[Records from a data collection]

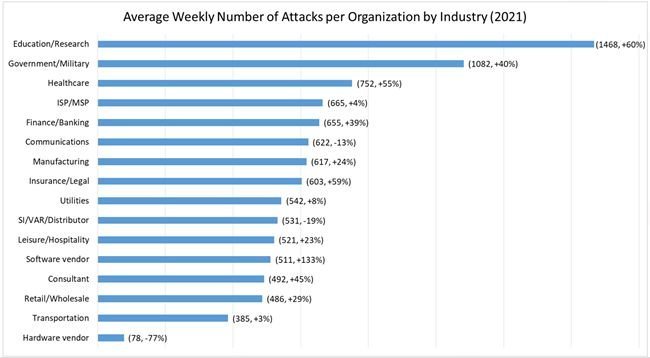 - Vzdělávací a výzkumné organizace jsou celosvětově nejvíce zasaženým sektorem. V průměru čelí každá vzdělávací nebo výzkumná organizace 1 468 útokům za týden, což je 60% nárůst oproti roku 2020.
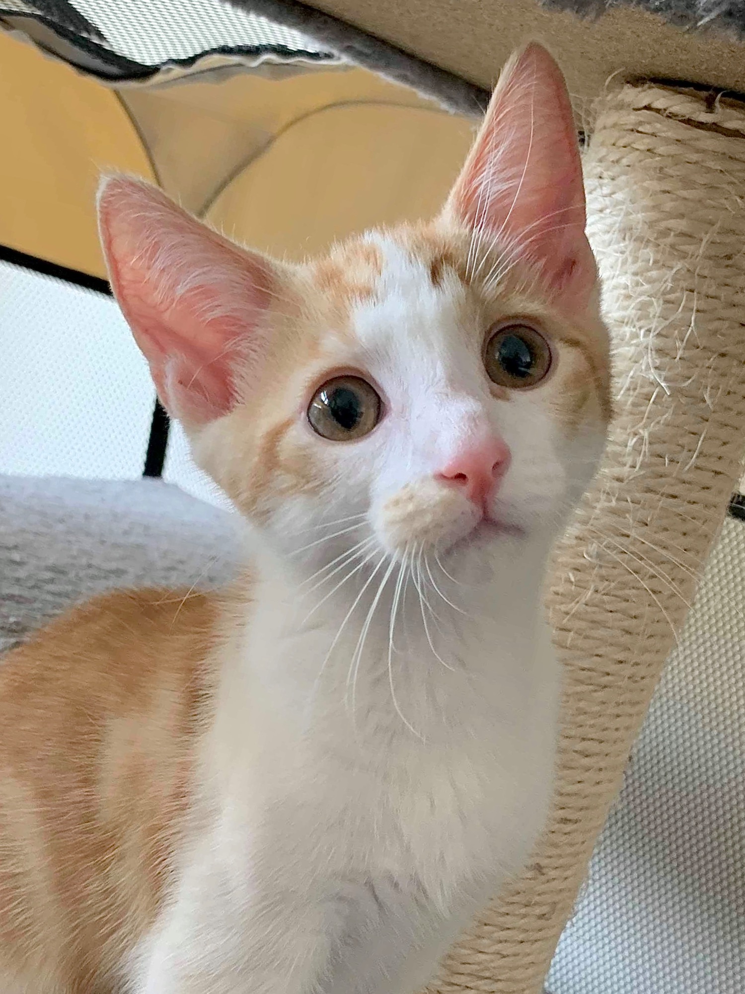 My name is Rudi and I'm a 14 week old Manx x kitten.....yes that's right, I have a little stumpy tail. I'm currently in foster care with my sister, Cilla, 1 adult host cat as well as my foster family which includes children. I'm not currently living with dogs, and not quite sure how I would cope with them.
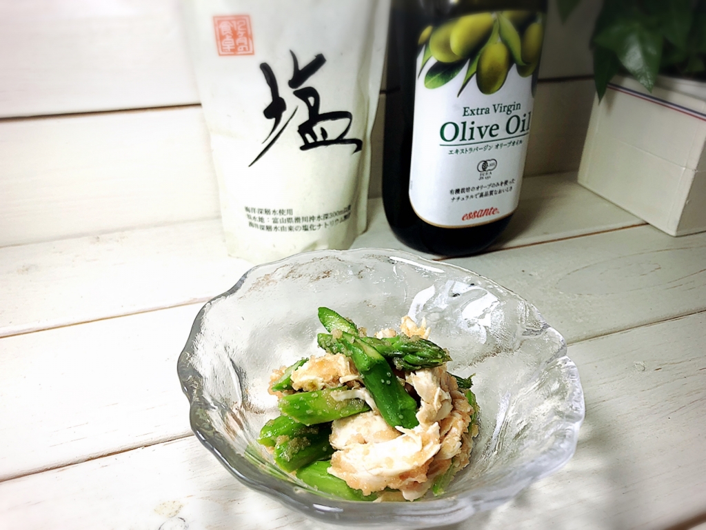JUGEMテーマ:毎日の簡単1品 こんにちは〜♪ 今日は〜旬のアスパラとササミを明太子ソースで和えました♪ それでは材料です〜⇩⇩⇩ アスパラガス・・・5本 鶏ササミ・・・2本 酒・・・大さじ1 ★明太子・・・1腹 ★エサンテオーガニックエキストラバージンオリーブオイル・・・大さじ1と1/2 ★柚子胡椒・・・小さじ1/2 ★レモン汁・・・小さじ1/2 以上です〜♪ それで...
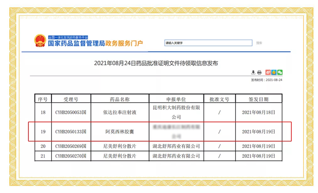 2021年8月19日,國家藥品監(jiān)督管理局正式發(fā)布通知,華威醫(yī)藥接受委托申報(bào)的阿莫西林膠囊正式通過仿制藥質(zhì)量和療效一致性評價(jià)。
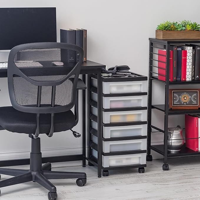 IRIS USA Plastic Drawer Storage Organizer Rolling Cart, with Wheels Casters, 6-Drawers, for Classroom Art Craft Supplies Dresser Closet Bathroom Dorm Bedroom Laundry Room, Black/Pearl
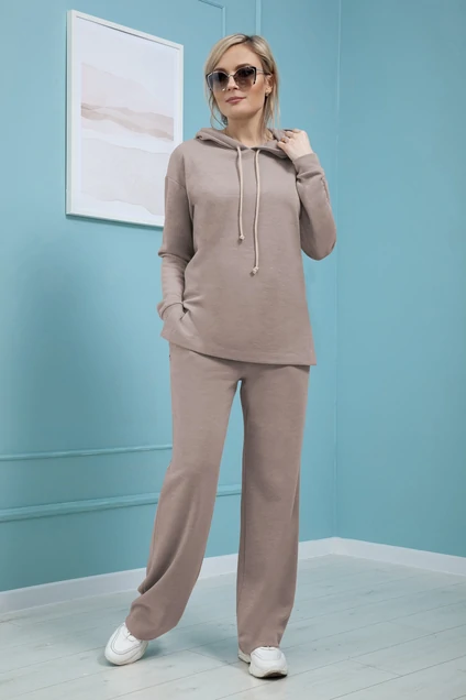 Джемпер свободного прямого покроя, удлиненный до линии бедер, с капюшоном, со спущенной проймой и длинным рукавом на манжете по низу рукава, по низу боковых швов-разрезы. Капюшон со шнурком. Брюки прямые свободные, на поясе с эластичной тесьмой, с боковыми карманами на молниях.
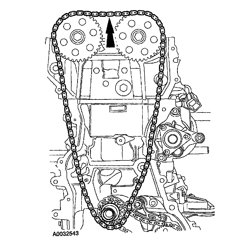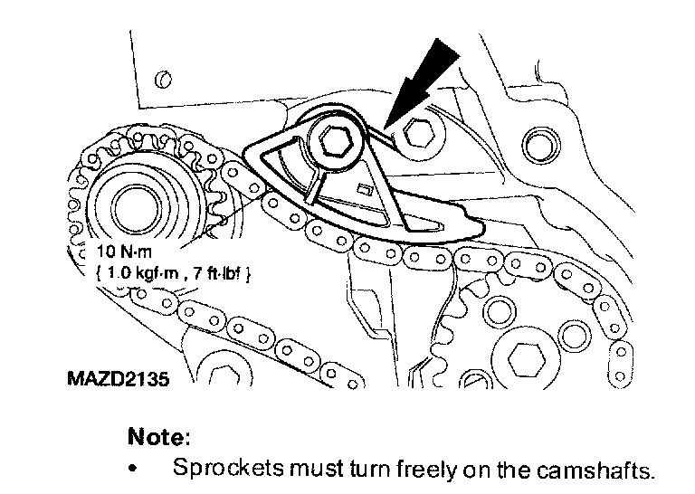^ Sprockets must turn freely on the camshafts.
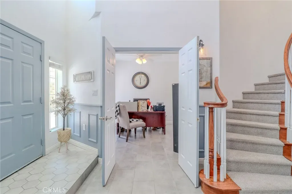 You are greeted by an elegant porch that opens to a grand entrance, soaring ceiling with celestial windows, and a striking winding staircase.
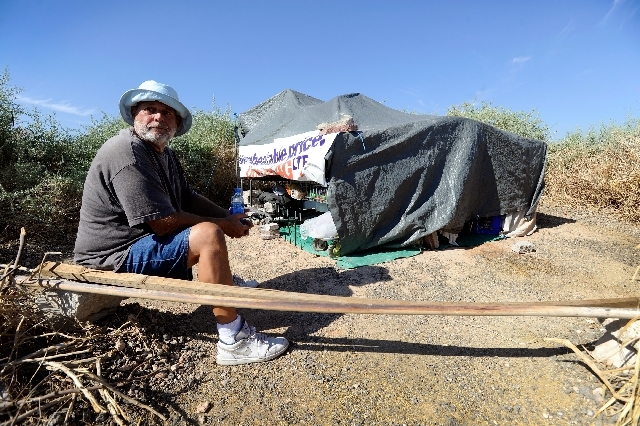 Brown was one of about 10 homeless people living at the encampment. Some emerged from their tents when they heard Torres, a homeless services program manager at HELP of Southern Nevada. The nonprofit sends caseworkers throughout Clark County year-round with water bottles. Their purpose: to engage the homeless and maybe convince them to seek help with finding permanent housing.
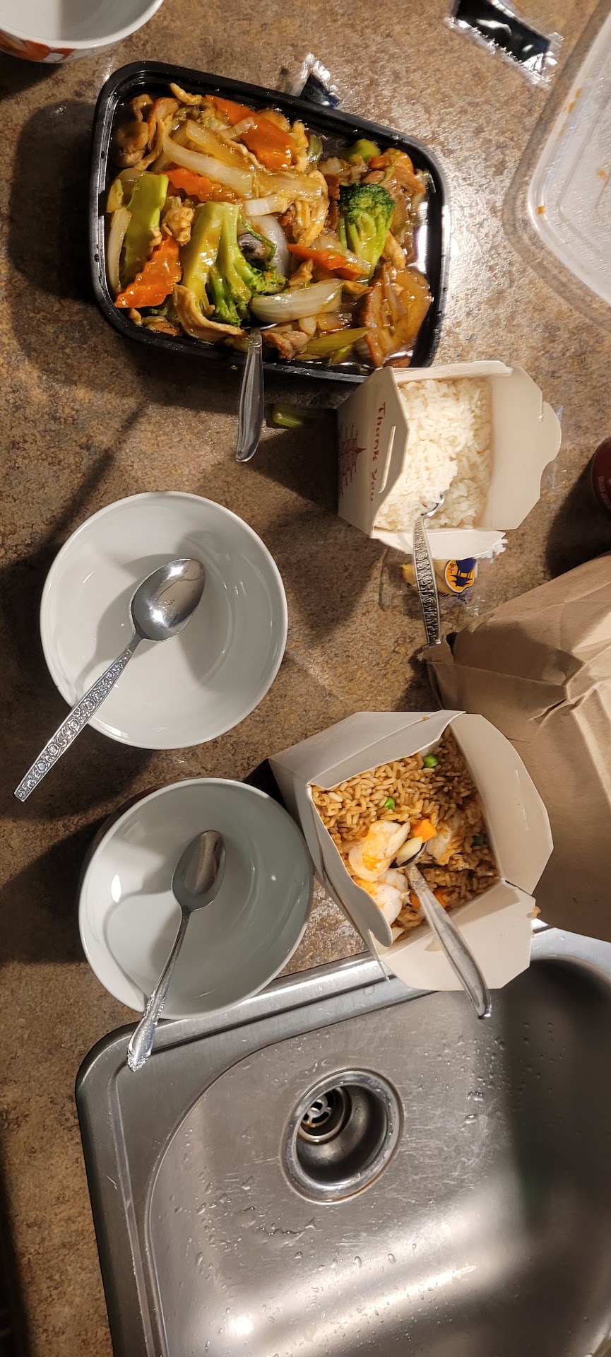 Ā Ā Ā Read moreWhile waiting for the order, flies were buzzing everywhere. Rude attitude from staff and it wasn't busy. Got my order home and my son found out immediately that the lids were not on tight! Half of some items were spilled onto everything else as well as on my son's hands getting burned. I tried to call and just let them know to make sure they put the lids on tight. I get yelled at, they couldn't speak any English, and nothing was accomplished, LEAST of all an apology. If you're going to run a business please know English and package your product securely. More than $50.00 spent. We...
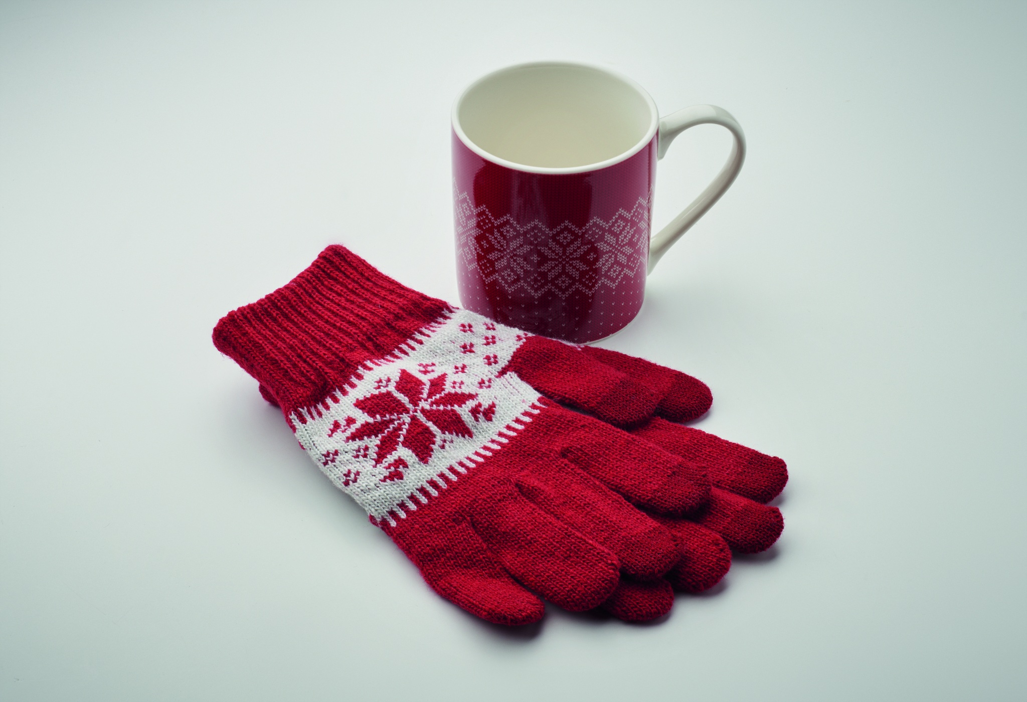 Winter gift set including a touch screen knitted tactile gloves with a snowflake pattern and a ceramic mug. Capacity: 300 ml. Presented in a matching box.
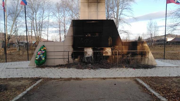 В Амурской области в поселке Ерофей Павлович горел памятник воинам Великой Отечественной войны. Как выяснили полицейские, причиной стали игры подростков с петардами.
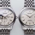 ▲右:セイコー プレザージュ クラシックシリーズ 「SARX121」(13万2000円) ケースサイズ 40.2mm、厚さ13mm、キャリバー6R55、メカニカル 自動巻(手巻つき)、日差+25秒〜−15秒、ステンレスケース、日常生活用強化防水(10気圧防水)、パワーリザーブ約72時間(最大巻上時)、秒針停止機能、ワンプッシュ両開き方式/左:セイコー プレザージュ クラシックシリーズ 「SARJ007」(15万4000円) ケースサイズ 40.2mm、厚さ13mm、キャリバー6R5J、メカニカル 自動巻(手巻つき)、日差+25秒〜−15秒、ステンレスケース、日常生活用強化防水(10気圧防水)、パワーリザーブ約72時間(最大巻上時)、秒針停止機能、ワンプッシュ両開き方式、24時針つき
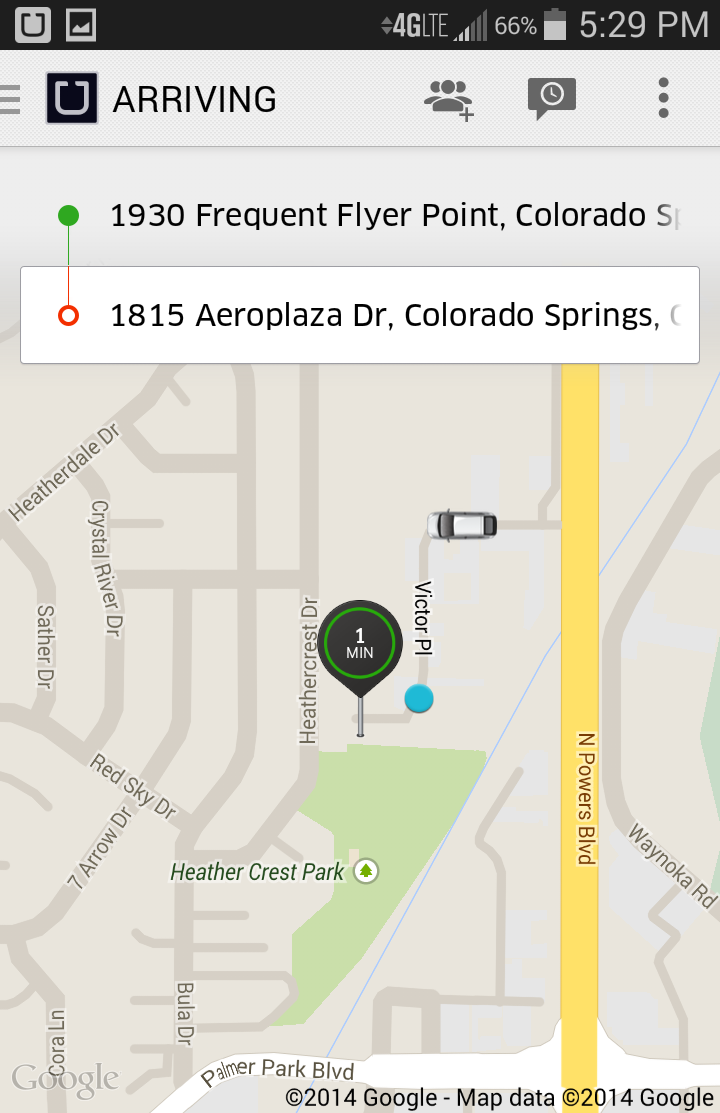 After a great day at the office it was time to request my UBER ride home. at 4:52PM I sent in the request and the driver, according to the app, was just 7 min away. Sweet, it was great to bask in the Colorado sun for few minutes before pickup.
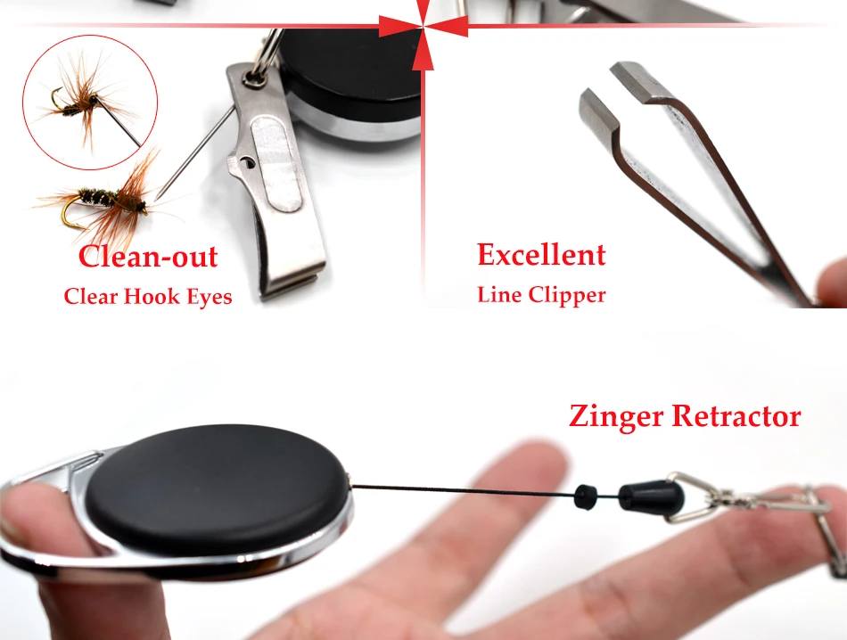 MNFT-Herramienta de nudo rápido para pesca con mosca, gancho rápido profesional, cortaúñas de líneas con Retractor Zinger opcional, varios estilos, 1 Juego
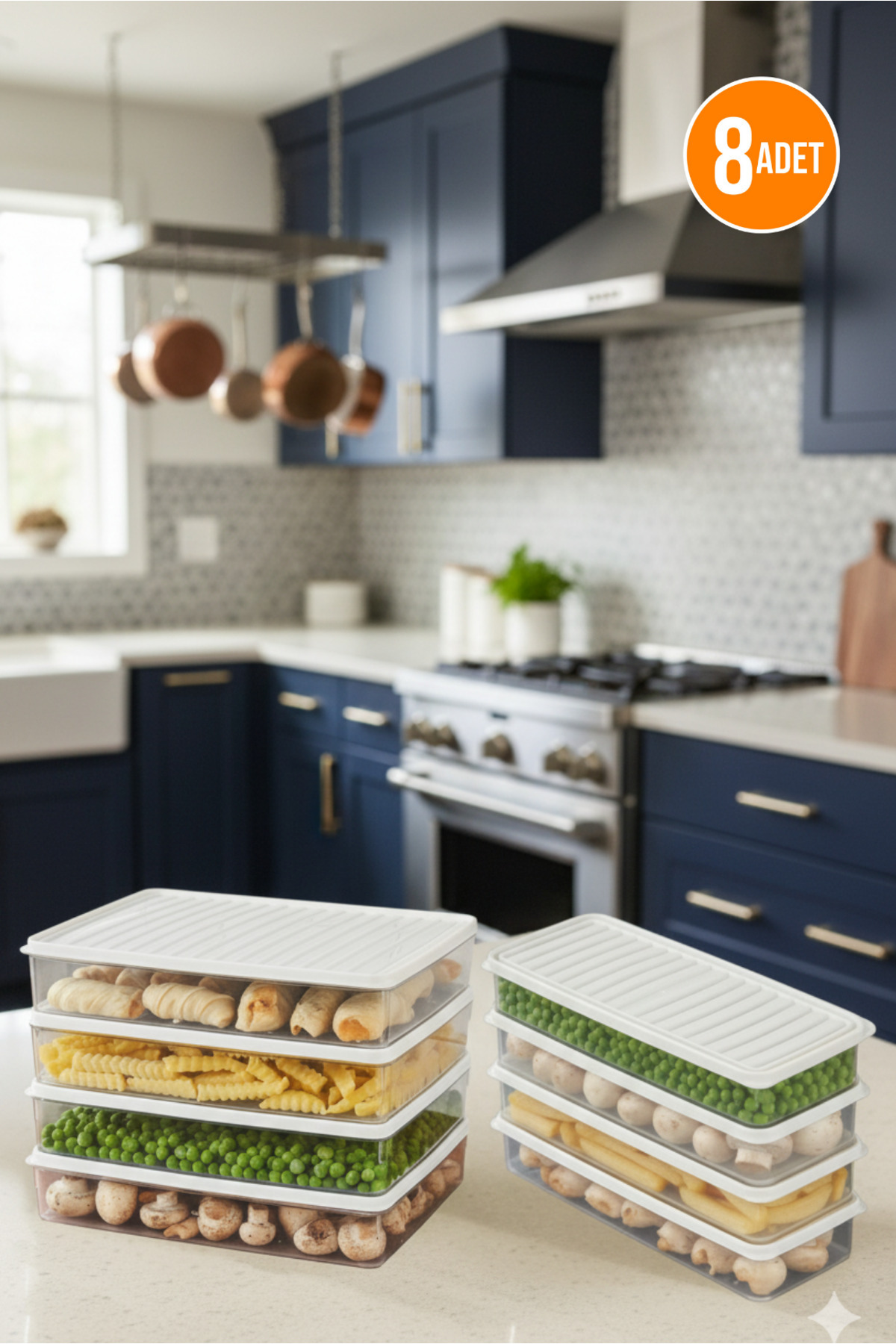 Orvila 8-Piece Transparent Storage Container Set Suitable for Refrigerator Freezer Organizer Set 4X2400 ml - 4X1200 ml features

- _Action item_:
Return the records word for word, leaving every picture out of the copy.

- _Exercise solution_:
 - Vzdělávací a výzkumné organizace jsou celosvětově nejvíce zasaženým sektorem. V průměru čelí každá vzdělávací nebo výzkumná organizace 1 468 útokům za týden, což je 60% nárůst oproti roku 2020.
 My name is Rudi and I'm a 14 week old Manx x kitten.....yes that's right, I have a little stumpy tail. I'm currently in foster care with my sister, Cilla, 1 adult host cat as well as my foster family which includes children. I'm not currently living with dogs, and not quite sure how I would cope with them.
JUGEMテーマ:毎日の簡単1品 こんにちは〜♪ 今日は〜旬のアスパラとササミを明太子ソースで和えました♪ それでは材料です〜⇩⇩⇩ アスパラガス・・・5本 鶏ササミ・・・2本 酒・・・大さじ1 ★明太子・・・1腹 ★エサンテオーガニックエキストラバージンオリーブオイル・・・大さじ1と1/2 ★柚子胡椒・・・小さじ1/2 ★レモン汁・・・小さじ1/2 以上です〜♪ それで...
 2021年8月19日,國家藥品監(jiān)督管理局正式發(fā)布通知,華威醫(yī)藥接受委托申報(bào)的阿莫西林膠囊正式通過仿制藥質(zhì)量和療效一致性評價(jià)。
 IRIS USA Plastic Drawer Storage Organizer Rolling Cart, with Wheels Casters, 6-Drawers, for Classroom Art Craft Supplies Dresser Closet Bathroom Dorm Bedroom Laundry Room, Black/Pearl
 Джемпер свободного прямого покроя, удлиненный до линии бедер, с капюшоном, со спущенной проймой и длинным рукавом на манжете по низу рукава, по низу боковых швов-разрезы. Капюшон со шнурком. Брюки прямые свободные, на поясе с эластичной тесьмой, с боковыми карманами на молниях.
^ Sprockets must turn freely on the camshafts.
 You are greeted by an elegant porch that opens to a grand entrance, soaring ceiling with celestial windows, and a striking winding staircase.
 Brown was one of about 10 homeless people living at the encampment. Some emerged from their tents when they heard Torres, a homeless services program manager at HELP of Southern Nevada. The nonprofit sends caseworkers throughout Clark County year-round with water bottles. Their purpose: to engage the homeless and maybe convince them to seek help with finding permanent housing.
 Ā Ā Ā Read moreWhile waiting for the order, flies were buzzing everywhere. Rude attitude from staff and it wasn't busy. Got my order home and my son found out immediately that the lids were not on tight! Half of some items were spilled onto everything else as well as on my son's hands getting burned. I tried to call and just let them know to make sure they put the lids on tight. I get yelled at, they couldn't speak any English, and nothing was accomplished, LEAST of all an apology. If you're going to run a business please know English and package your product securely. More than $50.00 spent. We...
 Winter gift set including a touch screen knitted tactile gloves with a snowflake pattern and a ceramic mug. Capacity: 300 ml. Presented in a matching box.
 В Амурской области в поселке Ерофей Павлович горел памятник воинам Великой Отечественной войны. Как выяснили полицейские, причиной стали игры подростков с петардами.
 ▲右:セイコー プレザージュ クラシックシリーズ 「SARX121」(13万2000円) ケースサイズ 40.2mm、厚さ13mm、キャリバー6R55、メカニカル 自動巻(手巻つき)、日差+25秒〜−15秒、ステンレスケース、日常生活用強化防水(10気圧防水)、パワーリザーブ約72時間(最大巻上時)、秒針停止機能、ワンプッシュ両開き方式/左:セイコー プレザージュ クラシックシリーズ 「SARJ007」(15万4000円) ケースサイズ 40.2mm、厚さ13mm、キャリバー6R5J、メカニカル 自動巻(手巻つき)、日差+25秒〜−15秒、ステンレスケース、日常生活用強化防水(10気圧防水)、パワーリザーブ約72時間(最大巻上時)、秒針停止機能、ワンプッシュ両開き方式、24時針つき
 After a great day at the office it was time to request my UBER ride home. at 4:52PM I sent in the request and the driver, according to the app, was just 7 min away. Sweet, it was great to bask in the Colorado sun for few minutes before pickup.
 MNFT-Herramienta de nudo rápido para pesca con mosca, gancho rápido profesional, cortaúñas de líneas con Retractor Zinger opcional, varios estilos, 1 Juego
 Orvila 8-Piece Transparent Storage Container Set Suitable for Refrigerator Freezer Organizer Set 4X2400 ml - 4X1200 ml features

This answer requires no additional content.